The selection of potential participants for the medical study 
is therefore ineffective, slow and costly, and requires 
extensive use of personnel. In a new search, the entire 
procedure has to be repeated, even in cases where, for example, 



the selection criteria deviate only slightly from earlier 
selection criteria. 

SUMMARY 

[0009] At least one embodiment of the present invention 
improves the selection of a potential participant for a medical 
study on the basis of a selection criterion. 

[0010] A method, in at least one embodiment, is for selecting a 
potential participant for a medical study on the basis of a 
selection criterion. In this method, patient data assigned to a 
patient are electronically stored, a secondary criterion is 
assigned to the selection criterion, the patient data are 
electronically evaluated on the basis of the secondary 
criterion, and, based on this electronic evaluation, a measure 
for fulfilling the selection criterion is determined for the 
patient associated with the patient data, and the patient is 
selected as a potential participant on the basis of this 
measure . 

[0011] Patient data include all the medical data or other types 
of data correlated with the patient, for example diagnostic 
images (X-ray, CT, ultrasound) , textual documents in structured 
form, e.g. table format, or in the form of continuous text 
(diagnoses, prescriptions, physicians' letters, examination 
protocols) , measured values (laboratory data, electrophysiology 
data), the patient's personal data (age, sex, height), or other 
individualized data (socio-economic data, census data) . 

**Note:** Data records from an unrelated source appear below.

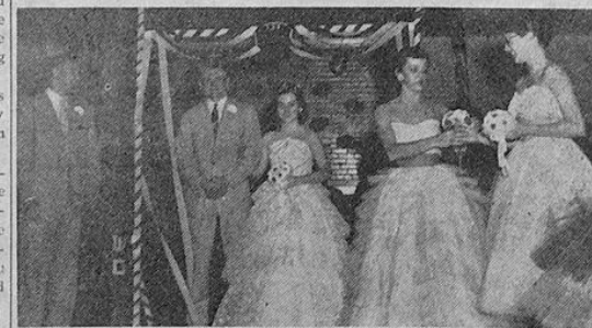
Royalty at 1956 Pigskin Pow-Wow
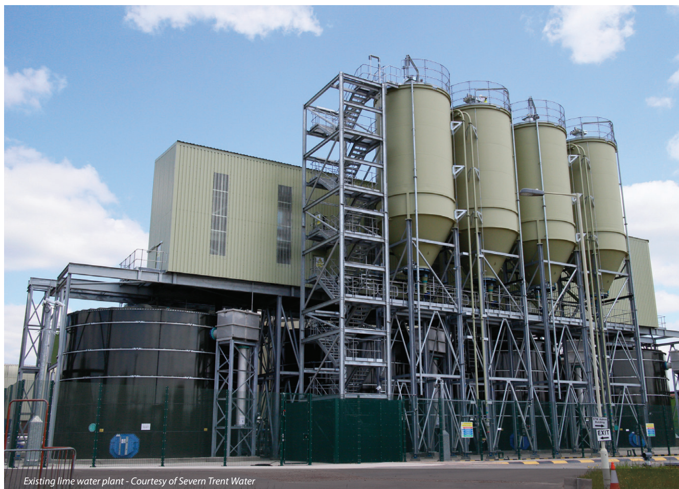
Existing lime water plant
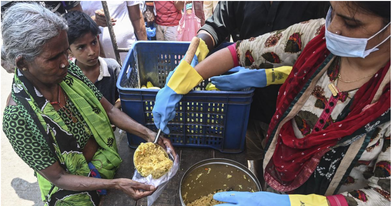
A volunteer from a non-profit distributes food in Mumbai during the Covid-19 lockdown.

Shortly after the Rajasthan government passed its Right to Health Act last month, economist Aravind Panagariya, who served as the first vice-chairperson of the government think tank Niti Aayog, launched a blistering critique against the state's " populist " policies.
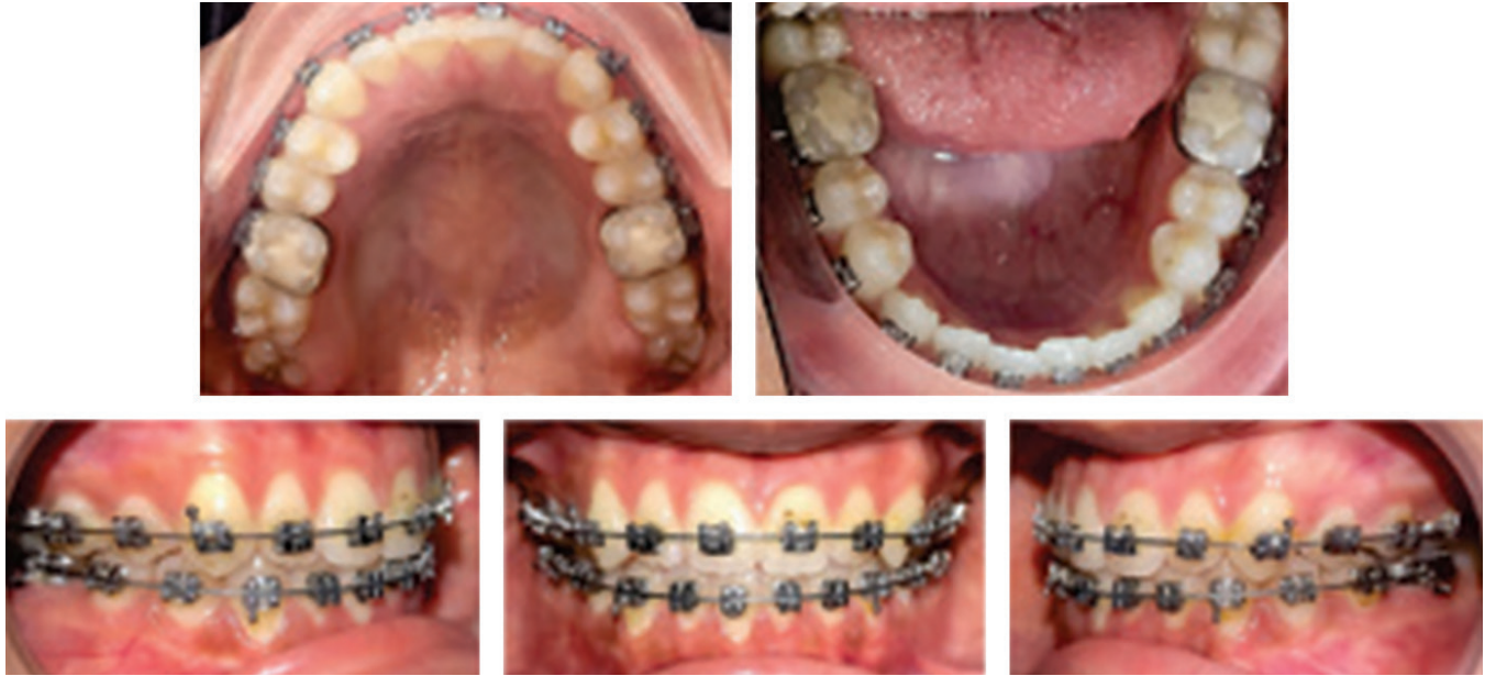
Figure 3. Patient's intraoral photographs during treatment.

A thick, wide maxillary labial frenulum attached close to the gingival margin is often considered a contributing factor for midline diastema and delayed growth of the premaxilla. 6 The maxillary labial frenulum is a fold of tissue, usually triangular, extending from the maxillary midline area of the gingiva into the vestibule and mid-portion of the upper lip. 9 The primary role of the frenulum is to provide stability to the upper lip and maintain a balance between the growing bones. 6 An "abnormal" frenulum is clinically defined as a prominent tissue band with an attachment in the palatine papilla showing some blanching when tension or pull is exerted on it. 10 Some disadvantages and disturbances that frenulum abnormality causes are diastema, abnormal position of the anterior central incisors, rapid dental caries, periodontal problems arising from food impaction, esthetic concerns, and upper lip damage. 5

[0012] By way of the electronic storage of patient data, these 
data can be searched electronically, for which reason the 
method according to at least one embodiment of the invention 
can be carried out automatically, rapidly, effectively and with 
minimal output in terms of time and personnel. Hitherto, data 
of this kind could not be electronically searched in connection 
with the selection of patients for medical studies. 

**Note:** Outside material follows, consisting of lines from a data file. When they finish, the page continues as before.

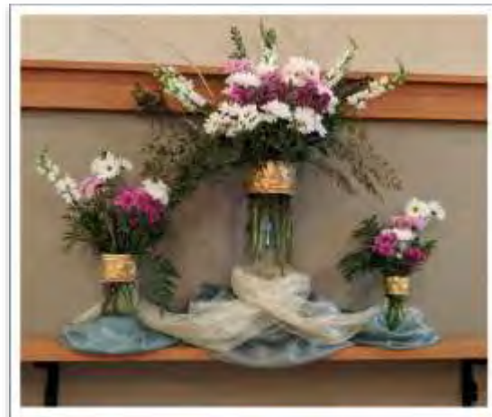
The sign up board for Sunday Altar Flowers is located in the Narthex. The cost is $25 per household. Easter Flower forms will begin March 4th.
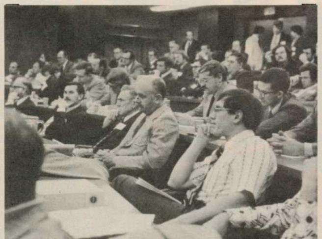
There was standing room only in this section on control of Weeds and woody plants on utility, railroad and highway rights-of-way and industrial sites. Papers were presented on three experimental compounds, Spike tebuthiuron, Krenite brush control agent, and Roundup glyphosate.
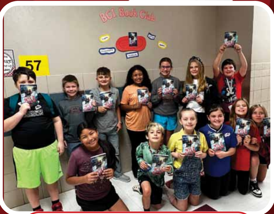
BCI Book Club recently read the survival story, Wild River by Rodman Philbrick. The story follows a group of students that overcome their differences and learn to work together as a team to survive. Students brainstormed items they would use in a survival situation and created a "survival kit" to use in an emergency situation.
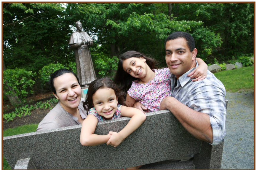
A family visits the statue of Father Peyton while on the Rosary Walk at the Father Peyton Center.
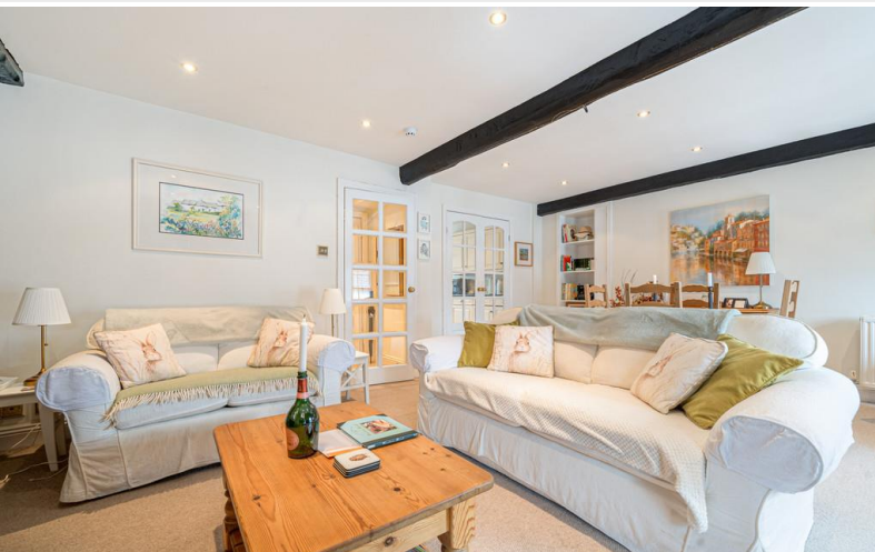
Open Plan Living/Dining Room
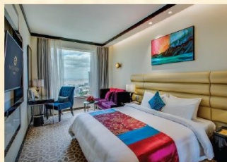
Naga 2 Superior Room
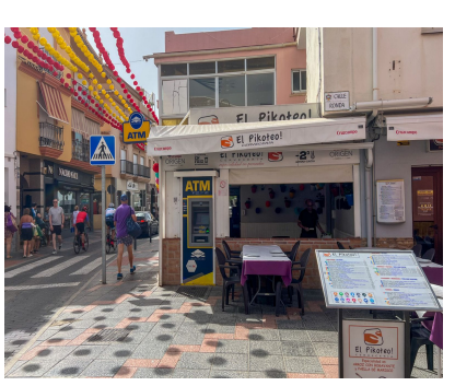
Ref.-ID: R4679032 La Cala de Mijas Коммерческая
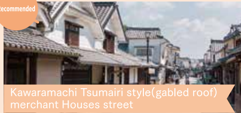
Kawaramachi Tsumairi style(gabled roof) merchant Houses street

This street is lined with historic merchant houses that have narrow frontage, deep in depth and Tsumairi style gabled roofs. It stretches for about 600 meters and still retains strong traces of the feudal era, Edo period. You can enjoy delicious foods and souvenir shopping while strolling the street.
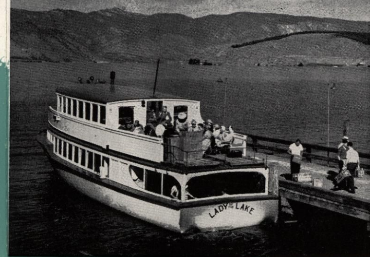
The "Lady of the Lake", one of the three comfortable excursion boats owned by the Lake Chelan Boat Co. that provide daily round trips on the lake.
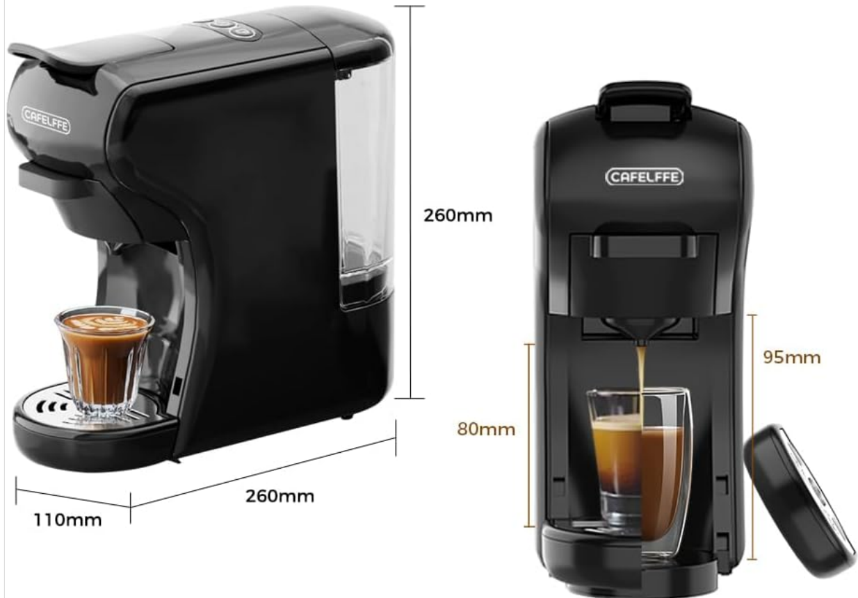
Image: Illustration of the machine's compact design, dimensions, and the feature for personalized coffee volume adjustment.

*The coffee size maybe variable depending on different capsules Program the coffee volume as you like
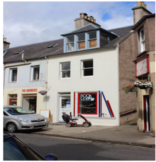
59 High Street, Selkirk - Before CARS work and After

Selkirk CARS focused on a range of heritage and conservation-based regeneration activities within the town, the centrepiece being repairs to the Sir Walter Scott Courthouse steeple, weather vane, clock faces and high level stonework.
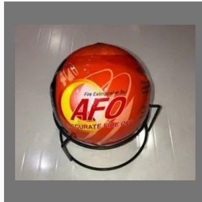
Auto Fire Off AFO Fire Safety Ball
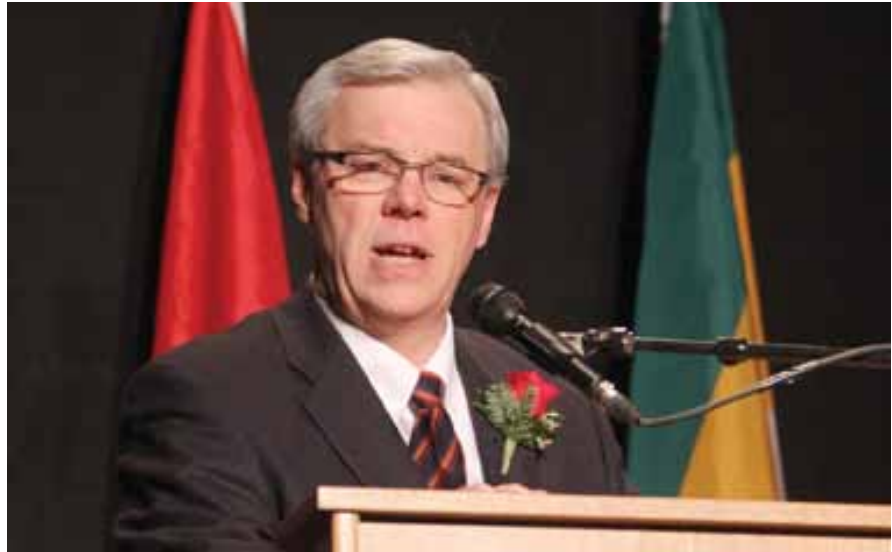
Premier Greg Selinger addressed AMM delegates at the Annual Convention Gala of November 25, 2009.

The AMM is looking forward to working with Premier Selinger in his new role.
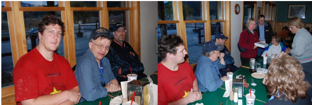
Members of the Livingston Chapter of People First of Montana

The Council provides the majority of financial support for this self-advocacy organization with Chapters located across the state. A funding shift approved by the Council in June of 2007, provides financial support to each, individual Chapter. Chapter members develop their own budgets and make all the decisions as to how their funding is expended. Currently there are 13 Chapters of People First active in Montana.
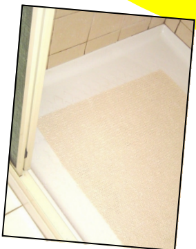
Safety Matting/ Footgrip
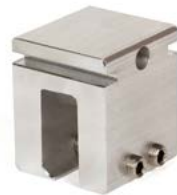
Sno Cube™ KLOC
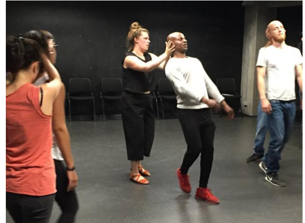
Figure 4: In Condition 3, participants were led in a half-hour session of contact improvisation, an experimental dance technique where human dancers experiment with motion and balance.

We worked with a combination of quantitative and qualitative methods that captured the individual experiences of study participants. This included a team of video researchers and the development of a subjective, self-assessment measurement inspired by the Functional Movement Screen (Cook 2006). Together, these assessment tools provide methods for analyzing the conditions of the experimental set up as well as the qualitative experience of the participants. In the next section we describe the key aspects of these tools, and outline their potential for further development.

[0013] The following procedure is known and is not the subject 
of the embodiments of the invention. If the selection criterion 
is contained in the electronically stored patient data, then 
the associated patient meets this criterion completely and is 
thus entirely suitable as a participant, and is therefore 
selected. Or the patient is completely rejected as a 
participant if, according to the patient data, he does not meet 
the inclusion criteria contained in the selection criteria, or 
he meets the exclusion criteria. Such patients can therefore be 
selected or rejected as potential participants in a 
straightforward, quick and inexpensive way. 

[0014] Moreover, a great many patients also exist whose patient 
data do not contain with certainty the selection criteria, for 
example because these selection criteria are not explicitly 
mentioned. At least one embodiment of the invention starts out 
from the recognition that many of these patients nevertheless 
satisfy the selection criteria, even if this is not explicitly 
evident from the patient data. 

[0015] For this reason, each selection criterion is assigned a 
secondary criterion which, it is hoped, is contained in the 
patient data. Since the secondary criterion is assigned to the 
selection criterion. Thus, after a secondary criterion is found 
in the patient data, it is possible to infer the existence of 
the corresponding selection criterion in respect of the 
patient, namely whether this patient reliably fulfills the 
selection criterion with a certain probability or not. 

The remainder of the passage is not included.